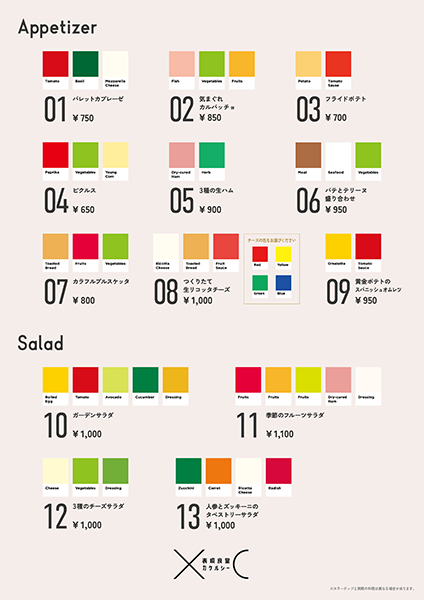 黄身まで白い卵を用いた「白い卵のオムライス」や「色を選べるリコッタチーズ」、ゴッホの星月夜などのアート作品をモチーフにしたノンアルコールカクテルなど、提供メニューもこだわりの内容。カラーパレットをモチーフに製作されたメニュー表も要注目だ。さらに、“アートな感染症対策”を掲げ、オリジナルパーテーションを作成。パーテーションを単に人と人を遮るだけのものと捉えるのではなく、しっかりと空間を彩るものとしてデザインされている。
--
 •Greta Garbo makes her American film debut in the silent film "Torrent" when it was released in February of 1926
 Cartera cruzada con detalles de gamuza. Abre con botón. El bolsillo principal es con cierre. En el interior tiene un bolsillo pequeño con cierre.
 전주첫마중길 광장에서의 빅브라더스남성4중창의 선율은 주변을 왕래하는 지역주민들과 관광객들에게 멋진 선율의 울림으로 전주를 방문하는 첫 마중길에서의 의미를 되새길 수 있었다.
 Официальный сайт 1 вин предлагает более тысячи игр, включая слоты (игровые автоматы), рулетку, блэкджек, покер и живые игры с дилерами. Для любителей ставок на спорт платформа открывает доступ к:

(Exercise requirements) Could you restate, word for word, the lines above from the one with "February of 1926" to the one with "전주첫마중길 광장에서의 빅브라더스남성4중창의", both included?

(Response area)
 •Greta Garbo makes her American film debut in the silent film "Torrent" when it was released in February of 1926
 Cartera cruzada con detalles de gamuza. Abre con botón. El bolsillo principal es con cierre. En el interior tiene un bolsillo pequeño con cierre.
 전주첫마중길 광장에서의 빅브라더스남성4중창의 선율은 주변을 왕래하는 지역주민들과 관광객들에게 멋진 선율의 울림으로 전주를 방문하는 첫 마중길에서의 의미를 되새길 수 있었다.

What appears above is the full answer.